存在意義のなくなったホワイトカラーに次の仕事を

スウェーデンのTRR (Trygghetsrådet 「安心のためのサポート機関」) は、民間企業がリストラを行う際、整理されてしまうホワイトカラーが次の仕事へとスムーズに移行できるよう支援する非営利の団体で、40年の歴史を持つ。

TRRの活動は、加入している3万5000社の雇用主が、従業員に支払う給与の0.3%に当たる額を積立てていくことで支えられている。

社会の動きと連動して、存続する意義のなくなった仕事をしている人にはやめてもらい、そのかわり次の時代で必要とされる分野で活躍してもらおう、という考え方がTRRの活動の根幹にある。

TRRに加入しているのは、一度に大量解雇の必要がでるような大企業が多いが(近年では私の住む街にあるソニーやアストラゼニカが大量解雇をした際に、TRRが活躍していた)、ダーゲンス・ニュヘテルの親会社であるスウェーデンを代表するメディアグループ、ボニエももちろん会員だ。

TRRのサイトでは彼らのサポートで人生の次の舞台へと進んだ人たちのインタビューを紹介しているが、そこには59歳でフリーのジャーナリストとして再スタートを切った、マルガレータ・ホルムクヴィストさんの話もあった。

ジャーナリストはスウェーデンのハローワークに相当する労働斡旋機関が「将来性のない仕事」としてあげている、今は需要が減っている仕事だ。

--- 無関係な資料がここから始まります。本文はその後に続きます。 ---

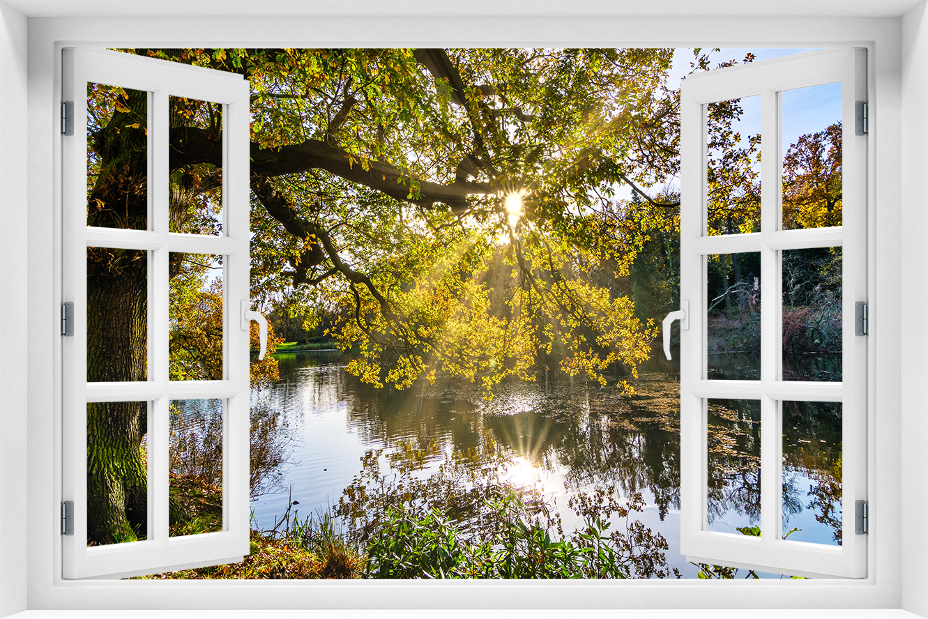 Fototapeta 3D Okno Krajobraz Woda Drzewa Jesień kr-75

米国の状況と同じく小さな地方の新聞や、また業界誌や組合誌の経営状況がどんどん悪化していったスウェーデンでは、それまで新聞社や雑誌社に雇用されていたジャーナリストが、次々に人員整理されていった。

地方紙の状況は深刻で、28紙を買収統合して効率化を図ろうと事業を進めてたMittmediaは、結局、最大手のボニエへ吸収統合されることが今年にはいって決まったばかりだ。また、つい先週にはスウェーデン第二の都市、ヨーテボリの地元紙で長らく同族経営を続けていたヨーテボリス・ポストンが、ノルウェー最大のメディアグループへと買収されることが発表された。

2回の20%の人員削減はどうすすんだか?

この連載の第2回で触れたように、ダーゲンス・ニュヘテルは2010年と2013年の2回、それぞれ当時在籍していた社員の20%にあたる、100人と80人の人員削減を行っている。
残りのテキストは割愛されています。